*** Opening Extracted entries ***
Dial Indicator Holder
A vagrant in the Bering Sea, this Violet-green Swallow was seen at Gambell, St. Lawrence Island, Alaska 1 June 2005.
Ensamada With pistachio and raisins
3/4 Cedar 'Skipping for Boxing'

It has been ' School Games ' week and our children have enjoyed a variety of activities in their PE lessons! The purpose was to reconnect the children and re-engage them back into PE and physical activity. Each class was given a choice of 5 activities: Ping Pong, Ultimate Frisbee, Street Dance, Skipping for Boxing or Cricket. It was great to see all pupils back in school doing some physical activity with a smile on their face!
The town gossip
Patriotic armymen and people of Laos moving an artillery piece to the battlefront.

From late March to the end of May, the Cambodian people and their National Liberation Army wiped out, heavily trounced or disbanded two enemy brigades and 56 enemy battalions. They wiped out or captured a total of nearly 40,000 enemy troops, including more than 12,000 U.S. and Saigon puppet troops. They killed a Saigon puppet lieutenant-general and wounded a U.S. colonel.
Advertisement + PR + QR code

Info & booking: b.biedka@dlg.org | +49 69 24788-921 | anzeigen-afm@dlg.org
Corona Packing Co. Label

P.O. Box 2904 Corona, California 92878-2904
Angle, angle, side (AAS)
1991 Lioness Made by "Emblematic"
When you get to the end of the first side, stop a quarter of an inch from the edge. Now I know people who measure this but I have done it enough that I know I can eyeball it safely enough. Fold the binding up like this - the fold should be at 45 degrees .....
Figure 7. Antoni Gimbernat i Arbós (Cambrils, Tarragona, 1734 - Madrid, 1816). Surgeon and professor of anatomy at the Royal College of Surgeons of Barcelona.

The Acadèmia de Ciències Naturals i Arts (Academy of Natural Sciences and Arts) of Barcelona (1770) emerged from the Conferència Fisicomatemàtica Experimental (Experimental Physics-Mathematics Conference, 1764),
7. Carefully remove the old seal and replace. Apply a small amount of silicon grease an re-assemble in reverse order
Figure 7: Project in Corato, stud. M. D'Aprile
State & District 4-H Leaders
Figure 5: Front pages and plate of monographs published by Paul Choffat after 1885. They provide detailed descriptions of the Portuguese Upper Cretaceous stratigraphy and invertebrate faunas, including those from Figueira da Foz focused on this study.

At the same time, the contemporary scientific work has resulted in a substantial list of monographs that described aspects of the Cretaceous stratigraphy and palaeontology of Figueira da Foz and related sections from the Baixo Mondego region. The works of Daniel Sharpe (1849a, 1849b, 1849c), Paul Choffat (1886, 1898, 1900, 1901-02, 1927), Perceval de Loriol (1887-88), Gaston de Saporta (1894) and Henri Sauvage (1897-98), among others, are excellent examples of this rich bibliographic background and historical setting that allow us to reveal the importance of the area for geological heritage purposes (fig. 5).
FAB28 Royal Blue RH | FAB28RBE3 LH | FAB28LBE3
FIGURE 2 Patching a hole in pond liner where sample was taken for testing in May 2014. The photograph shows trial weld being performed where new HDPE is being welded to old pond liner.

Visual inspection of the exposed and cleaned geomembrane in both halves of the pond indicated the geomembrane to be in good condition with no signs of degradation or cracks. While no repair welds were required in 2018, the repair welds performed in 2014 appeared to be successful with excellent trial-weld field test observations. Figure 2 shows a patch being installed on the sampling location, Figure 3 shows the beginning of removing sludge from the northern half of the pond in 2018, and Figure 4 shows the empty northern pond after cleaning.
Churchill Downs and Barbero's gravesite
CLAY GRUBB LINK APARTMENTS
*** Closing Extracted entries ***
## Required work
Transcribe each line of the listing above precisely as it appears.

## Output for this exercise
Dial Indicator Holder
A vagrant in the Bering Sea, this Violet-green Swallow was seen at Gambell, St. Lawrence Island, Alaska 1 June 2005.
Ensamada With pistachio and raisins
3/4 Cedar 'Skipping for Boxing'

It has been ' School Games ' week and our children have enjoyed a variety of activities in their PE lessons! The purpose was to reconnect the children and re-engage them back into PE and physical activity. Each class was given a choice of 5 activities: Ping Pong, Ultimate Frisbee, Street Dance, Skipping for Boxing or Cricket. It was great to see all pupils back in school doing some physical activity with a smile on their face!
The town gossip
Patriotic armymen and people of Laos moving an artillery piece to the battlefront.

From late March to the end of May, the Cambodian people and their National Liberation Army wiped out, heavily trounced or disbanded two enemy brigades and 56 enemy battalions. They wiped out or captured a total of nearly 40,000 enemy troops, including more than 12,000 U.S. and Saigon puppet troops. They killed a Saigon puppet lieutenant-general and wounded a U.S. colonel.
Advertisement + PR + QR code

Info & booking: b.biedka@dlg.org | +49 69 24788-921 | anzeigen-afm@dlg.org
Corona Packing Co. Label

P.O. Box 2904 Corona, California 92878-2904
Angle, angle, side (AAS)
1991 Lioness Made by "Emblematic"
When you get to the end of the first side, stop a quarter of an inch from the edge. Now I know people who measure this but I have done it enough that I know I can eyeball it safely enough. Fold the binding up like this - the fold should be at 45 degrees .....
Figure 7. Antoni Gimbernat i Arbós (Cambrils, Tarragona, 1734 - Madrid, 1816). Surgeon and professor of anatomy at the Royal College of Surgeons of Barcelona.

The Acadèmia de Ciències Naturals i Arts (Academy of Natural Sciences and Arts) of Barcelona (1770) emerged from the Conferència Fisicomatemàtica Experimental (Experimental Physics-Mathematics Conference, 1764),
7. Carefully remove the old seal and replace. Apply a small amount of silicon grease an re-assemble in reverse order
Figure 7: Project in Corato, stud. M. D'Aprile
State & District 4-H Leaders
Figure 5: Front pages and plate of monographs published by Paul Choffat after 1885. They provide detailed descriptions of the Portuguese Upper Cretaceous stratigraphy and invertebrate faunas, including those from Figueira da Foz focused on this study.

At the same time, the contemporary scientific work has resulted in a substantial list of monographs that described aspects of the Cretaceous stratigraphy and palaeontology of Figueira da Foz and related sections from the Baixo Mondego region. The works of Daniel Sharpe (1849a, 1849b, 1849c), Paul Choffat (1886, 1898, 1900, 1901-02, 1927), Perceval de Loriol (1887-88), Gaston de Saporta (1894) and Henri Sauvage (1897-98), among others, are excellent examples of this rich bibliographic background and historical setting that allow us to reveal the importance of the area for geological heritage purposes (fig. 5).
FAB28 Royal Blue RH | FAB28RBE3 LH | FAB28LBE3
FIGURE 2 Patching a hole in pond liner where sample was taken for testing in May 2014. The photograph shows trial weld being performed where new HDPE is being welded to old pond liner.

Visual inspection of the exposed and cleaned geomembrane in both halves of the pond indicated the geomembrane to be in good condition with no signs of degradation or cracks. While no repair welds were required in 2018, the repair welds performed in 2014 appeared to be successful with excellent trial-weld field test observations. Figure 2 shows a patch being installed on the sampling location, Figure 3 shows the beginning of removing sludge from the northern half of the pond in 2018, and Figure 4 shows the empty northern pond after cleaning.
Churchill Downs and Barbero's gravesite
CLAY GRUBB LINK APARTMENTS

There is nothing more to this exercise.